By Megan L. Brackney
Journal of Passthrough Entities
January – February 2019 Edition
The Bipartisan Budget Act of 2015 (the “BBA”) made substantial changes to the audit procedures for passthrough entities. This column discusses how partnerships and individual partners will be able to challenge penalties under the BBA procedures. The BBA repealed the prior rules for partnership audits and replaced them with a centralized regime that, in general, assesses and collects tax at the partnership level in the year that the adjustment is made. The BBA contains exceptions to the new rules, such as options to modify the adjustments through filing amended returns, or for partnerships to “push out” adjustments to the partners who were partners during the tax year that is audited. The BBA and recently issued Proposed Regulations contain provisions on how penalties will be assessed. This column discusses how partnerships and partners can each raise their defenses to penalties under the new provisions.

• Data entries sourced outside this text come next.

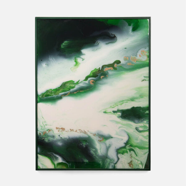 Richly colored paint reacts with flashes of gold during the pouring process, making each piece unique. Green abstract resin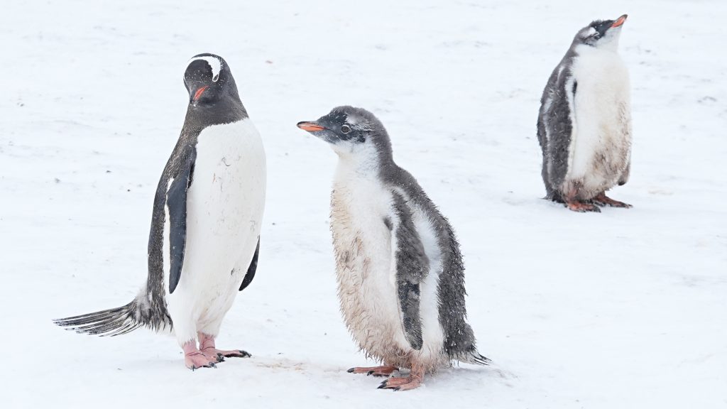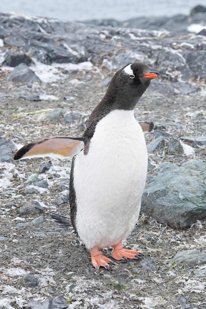 巴布亚企鹅在南极半岛附近非常常见。它们有亮橙红色的喙,黑色的背部,白色的腹部,橙色的脚。头顶有一条宽宽的白色条纹,幼年的小企鹅没有那条白色条纹。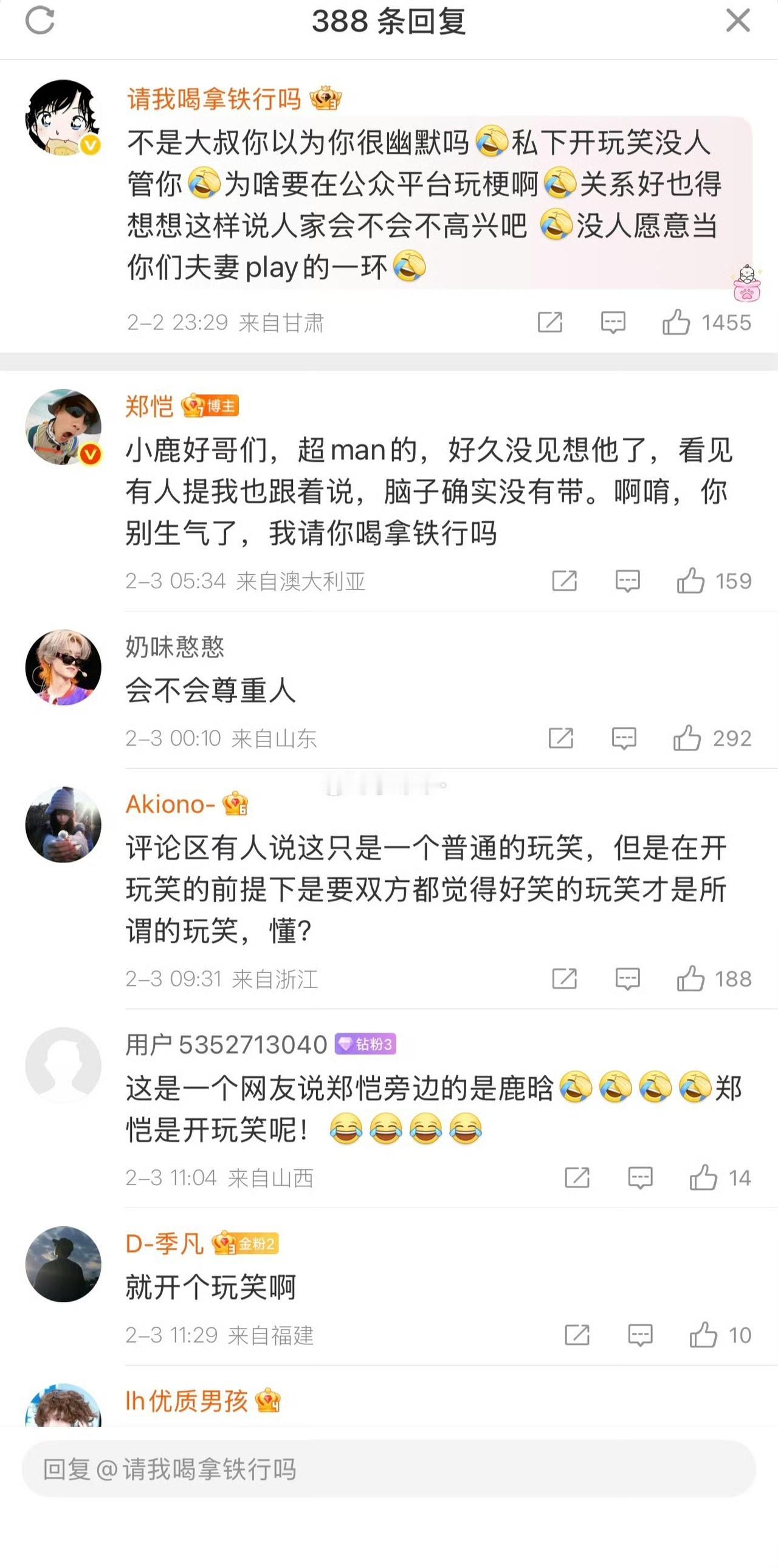 郑恺这波玩笑真的尬住了! 郑恺晒日常vlog,镜头里苗苗出镜超自然,结果有网友没认出来,随口问了句视频里的女生是谁。谁料郑恺直接玩梗回复:是鹿晗!本想蹭波热度逗逗网友,可把自己老婆说成别人的操作,属实让人看不懂。玩笑开得没边界,不仅尬到路人,连粉丝都觉得离谱,这波回应真的越品越怪,属实难评!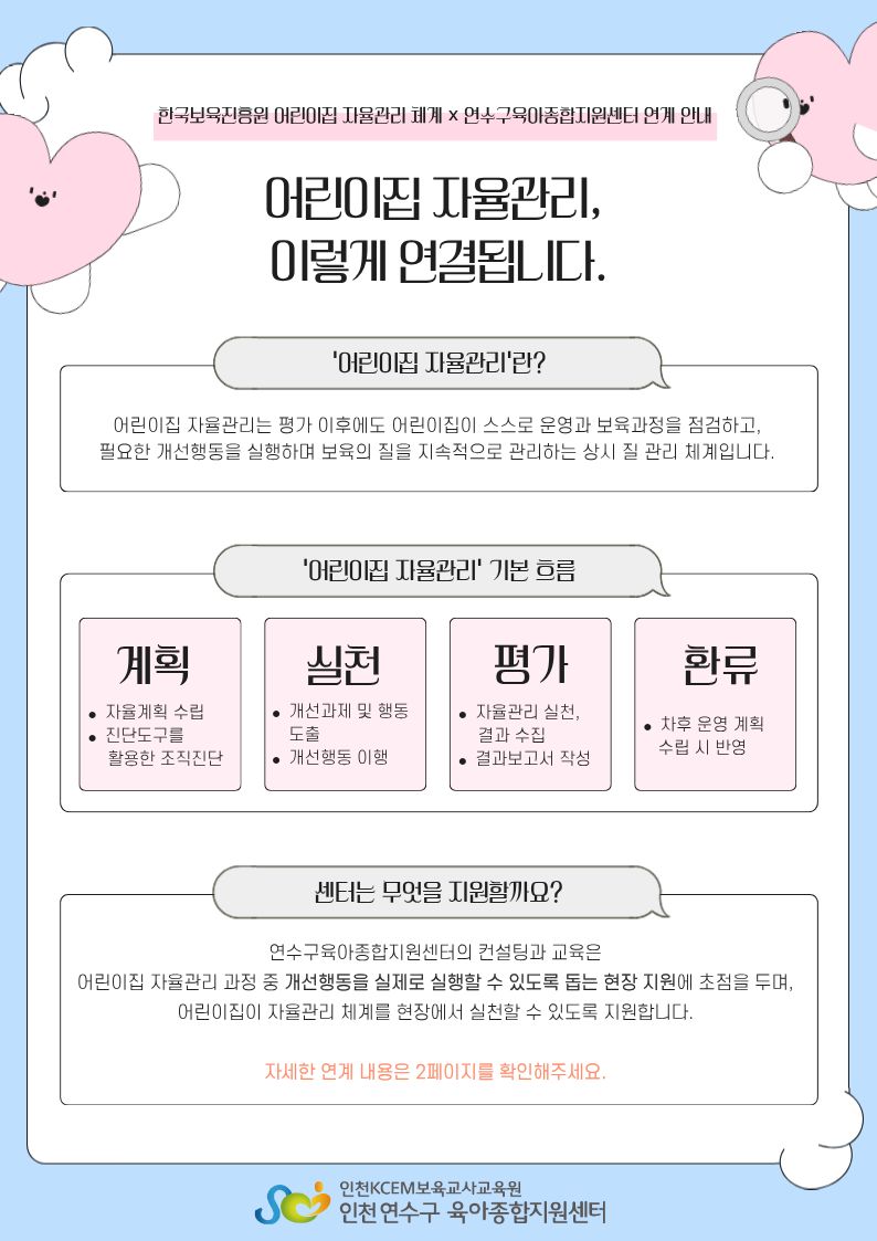| Çѱ¹º¸À°ÁøÈï¿ø ¾î¸°ÀÌÁý ÀÚÀ² °ü¸® ü°è, ¿¬¼ö±¸À°¾ÆÁ¾ÇÕÁö¿ø¼¾ÅÍ ¿¬°è ¾È³» | |||||

First, an example may be helpful to illustrate the difference between a partnership and partner-level defense. If a partnership engaged in a tax shelter, but the partnership’s managing partner obtained independent opinions that the transaction was permissible, the partnership itself may have a reasonable cause defense to penalties based on reliance on the advice of a tax professional. If, however, the partnership’s reliance was not reasonable because the advisor also was a promoter of the transaction, the partnership will be liable for the penalties, but an individual partner may still have his or her own defense if he or she obtained a separate opinion from an independent and competent advisor.